Lloyd is a new father, raising his son Gavin with his wife Andrea (Susan Kelechi Watson), and a writer for Esquire magazine. His typical articles are take-downs of public figures and celebrities, but that leaves him unpopular with potential interviewees. He also has a fraught relationship (or lack thereof) with his father Jerry (Chris Cooper), who abandoned Lloyd and his mother. Jerry shows up at Lloyd’s sister’s wedding, and it doesn’t go well. Lloyd is completely uninterested in Jerry’s requests for forgiveness or insistence that he’s changed after a long term relationship.

© Sony Pictures
Then Lloyd gets a writing assignment to interview Fred Rogers, and there is a concern that the grim, cynical writer will “ruin people’s childhoods”, including his wife’s. Over the course of the movie, Lloyd’s continued interview and conversations with Mr. Rogers digs deeper and deeper into the lessons that are difficult to hear. Lloyd has difficulty believing that anyone can be so nice, but the movie reveals that it is and isn’t that simple.

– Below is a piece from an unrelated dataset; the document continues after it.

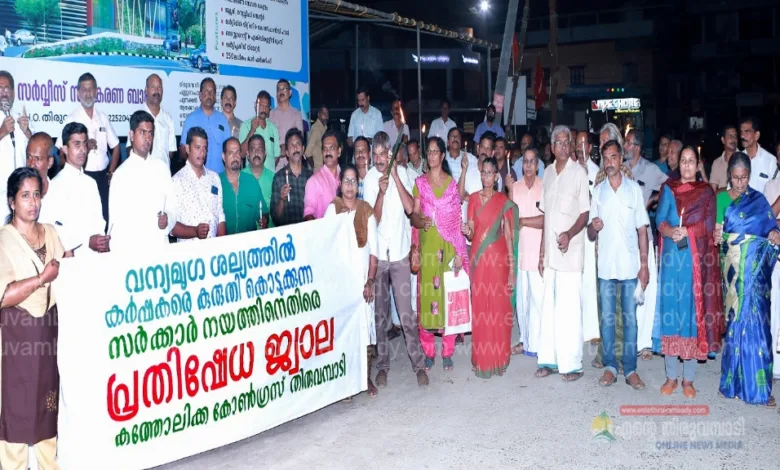 തിരുവമ്പാടി: വന്യമൃഗശല്യത്തിൽ കർഷകരെ സഹായിക്കാത്ത സർക്കാർ നയത്തിനെതിരെ കത്തോലിക്ക കോൺഗ്രസിന്റെ നേതൃത്വത്തിൽ തിരുവമ്പാടിയിൽ പ്രതിഷേധ ജ്വാല സംഘടിപ്പിച്ചു. നാട്ടിലിറങ്ങി ജനങ്ങളെ കൊല്ലുകയും കൃഷിനശിപ്പിക്കുകയും ചെയ്യുന്ന വന്യമൃഗങ്ങളെ കൊല്ലാൻ നിയമങ്ങൾ ഉണ്ടായിട്ടും അത് യഥാസമയം നടപ്പാക്കാത്തത് ജനങ്ങളോടുള്ള വെല്ലുവിളിയാണെന്ന് പ്രതിഷേധ ജ്വാല ഉദ്ഘാടനം ചെയ്ത തിരുവമ്പാടി ഫൊറോന വികാരി ഫാ. തോമസ് നാഗപറമ്പിൽ അഭിപ്രായപ്പെട്ടു.

The lesson here is that Mr. Rogers wasn’t a saint, but someone that worked to push back on his negative emotions and temper, and tried to spread good lessons to people, mainly children. Eventually in a scene of real emotional depth that is a truly wonderful moment of acting and directing, things begin to sink in.

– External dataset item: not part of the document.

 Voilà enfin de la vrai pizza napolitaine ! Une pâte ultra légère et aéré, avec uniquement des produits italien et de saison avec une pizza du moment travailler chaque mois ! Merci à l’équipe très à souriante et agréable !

The movie is unafraid to get weird, delving into hallucinatory images as Lloyd’s mind tries to get a hold of itself. Here Matthew Rhys, late of The Americans, shows off his perfect hangdog emotional complication, the self-proclaimed broken man that has an arc of healing. Chris Cooper is great like he always is in these problematic older man roles, while Susan Kelechi Watson gives depth to the “supportive partner” character type. And of course, Tom Hanks is wonderful, the driver of the movie but not the star, embodying Mr. Rogers in style and feeling without aping or impersonating him.

Ultimately this is a movie uninterested in hagiography of person but romanticism of personality. The lessons of Mr. Rogers sound so treacly and childish when you’re not in the right space to hear it, but he was always so connected to empathy and effortlessly communicative. It shows a way for anyone to get better, if they try, and that’s radical enough to praise in the slew of feel bad movies we’re getting these days.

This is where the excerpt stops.